1. **Load configuration** from environment/config file
2. **Detect current project** using git directory analysis
3. **Scan submodules** and filter by GitHub user
4. **Initialize FastEmbed** with specified model
5. **Create collections** for detected projects (if missing)
6. **Register MCP tools** with FastMCP framework

## Implementation Phases

### Phase 1: Documentation & Configuration Fixes
- [ ] Fix README.md documentation errors (MCP server usage, stdio vs port, collections naming)
- [ ] Correct default COLLECTIONS from "scratchbook" to "project"
- [ ] Add proper Claude Code installation instructions using `claude mcp add`
- [ ] Document environment variables with defaults and QDRANT_API_KEY for cloud
- [ ] Remove API calls from README, move to API.md reference
- [ ] Add global collections configuration documentation
- [ ] Remove incorrect basic usage section (users never run MCP servers directly)
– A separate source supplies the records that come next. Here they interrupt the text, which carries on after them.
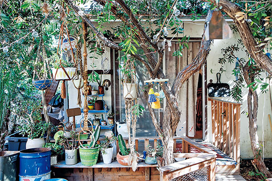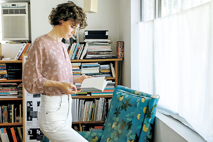 Miranda July’s office stands in a secluded corner of a leafy residential area. “This is where I lived when I moved to LA 16 years ago. Since I started living with my husband Mike [the artist and filmmaker, Mike Mills], I’ve been using this house as my office.” Almost every day, Miranda makes the ten-minute drive from her house to her office. Surrounded by palm trees, cacti and succulents, this cozy space is brimming with artifacts from Miranda’s creative life. “I just finished a book that archives all the work from the last 30 years. That room back there is a total mess with piles of old letters and journals spread out everywhere, so I’d advise against going in there,” Miranda laughed. She pointed at a clothes rack in the living room. “Here’s some costumes for a film project that I’m working on. This window always has nice light, in case I need to shoot something. There are always lots of things going on at once, so I don’t have to be very tidy, as long as the space functions.” Gentle light streaming through the muslin curtains makes the space feel worlds apart from the harsh sunlight of LA, just beyond the windows.
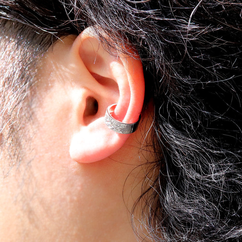 誕生石12石を一粒使用した、メンズイヤーカフです。ハワイアンジュエリーとは一味違う洋彫りジュエリー。職人が一つ一つ丁寧に仕上げたオリジナルのデザインです。耳にはめ込むタイプなので、ピアスホールがない方も簡単に装着することができます。重ね付けをしたり、お好きな位置につけてお楽しみください。
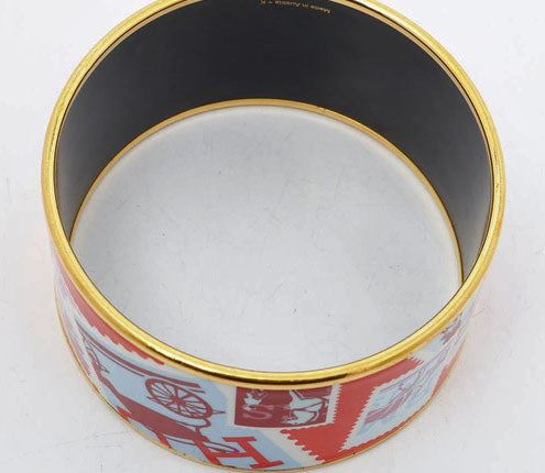 Hermes Paris Stamp Collection Enamel Logo bangle bracelet is wide and beautifully decorated with a colorfully red multicolor enameled graphic design of postal stamps and Hermes horses with a gold-tone rim.
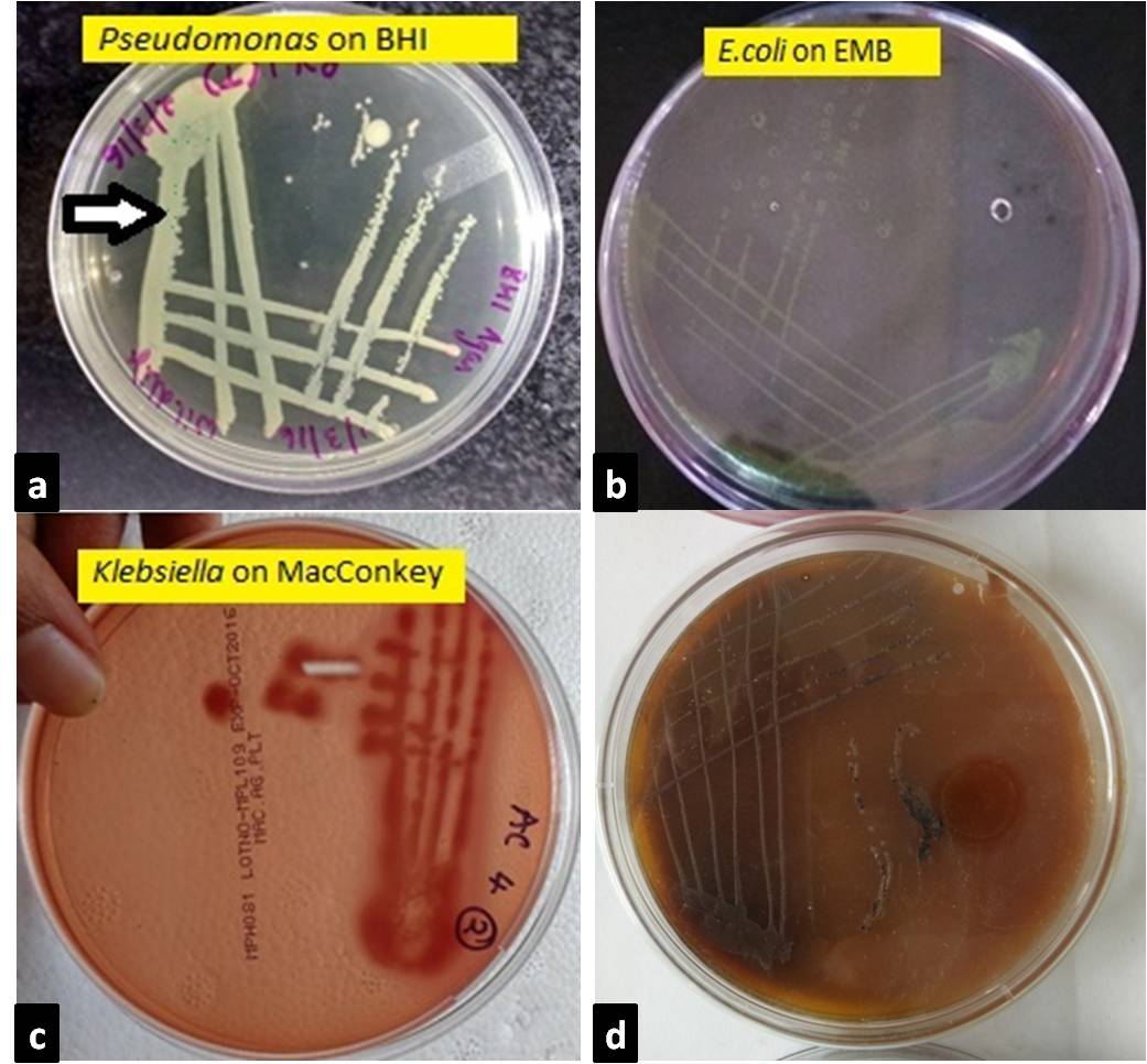 Colony Characteristics of the Isolated Bacteria. a. Pseudomonas colonies appeared greenish blue on BHI agar after 24 hr incubation; b. On EMB agar after 24hr incubation, E.coli colonies appeared as bluish black with a characteristic appearance of metallic sheen; c. On MacConkey agar after 24hr incubation, Klebsiella colonies appeared as large, pink and mucoid indicating lactose fermentation; d. On XLD agar, Blackish colonies indicating salmonella

### Phase 2: Feature Analysis & Implementation
- [ ] Conduct feature comparison analysis between claude-qdrant-mcp and current implementation
- [ ] Identify missing features (especially CLI document ingestion)
- [ ] Implement missing features with proper testing
- [ ] Add stdio protocol support for MCP communication
- [ ] Enhance collection configuration system

### Phase 3: Testing Infrastructure Enhancement
- [ ] Identify authoritative benchmark tool (consolidate others)
- [ ] Implement large OSS project ingestion testing (neovim, rust, go)
- [ ] Add chunk size optimization testing
- [ ] Validate CI/CD pipeline functionality
- [ ] Create comprehensive test suite with real-world data

### Phase 4: Code Quality & Performance
- [ ] Optimize chunk size based on testing results
- [ ] Ensure all subtasks have proper testing coverage
- [ ] Validate performance with mixed project databases
- [ ] Clean up legacy/unused benchmark tools
- [ ] Final documentation review and optimization

## Success Criteria

1. **Functional Parity**: All claude-qdrant-mcp seeding/search capabilities preserved
2. **Python Migration**: Clean FastMCP implementation with proper tool interfaces  
3. **Project Awareness**: Automatic project/subproject collection detection
4. **FastEmbed Integration**: Fast embedding generation with all-MiniLM-L6-v2
5. **Workspace Focus**: Effective scratchbook and documentation management

## Technical Specifications

### Dependencies
- FastMCP (MCP server framework)
- FastEmbed (embedding generation) 
- qdrant-client (vector database client)
- GitPython (git repository analysis)

### Global Installation via uv tool

**Critical Requirement**: The workspace-qdrant-mcp must be installable as a global `uv tool`:

```bash
# Install globally via uv
uv tool install workspace-qdrant-mcp

# Run from any directory
workspace-qdrant-mcp
```

**Implementation Requirements**:
- Proper `pyproject.toml` with `[project.scripts]` entry point
- Console script that starts the FastMCP server
- Global CLI availability after installation
- Respect current working directory for project detection
- Support for global and per-project configuration

### Performance Targets
- Collection detection: < 1 second for typical projects
- Embedding generation: > 100 docs/second on CPU
- Search latency: < 200ms for workspace queries
- Memory usage: < 150MB RSS when active

### Security & Safety
- No collection deletion capabilities
- Project scope limitation (no system-wide access)
- GitHub user filtering for submodule access
- Environment variable configuration (no hardcoded credentials)

## Future Evolution

### Phase 2: Daemon Integration
- Remove embedding generation from MCP
- Delegate to memexd daemon for all processing
- MCP becomes thin search/management interface

### Enhancements
- Multi-project workspace support
- Advanced scratchbook organization
- Integration with IDE plugins
- Real-time collaboration features

## Conclusion

The workspace-qdrant-mcp provides a focused, safe, and efficient solution for project-scoped vector operations while maintaining compatibility with the broader Qdrant ecosystem. By porting proven TypeScript functionality to Python with modern embedding capabilities, it fills a critical gap in the unified Qdrant architecture.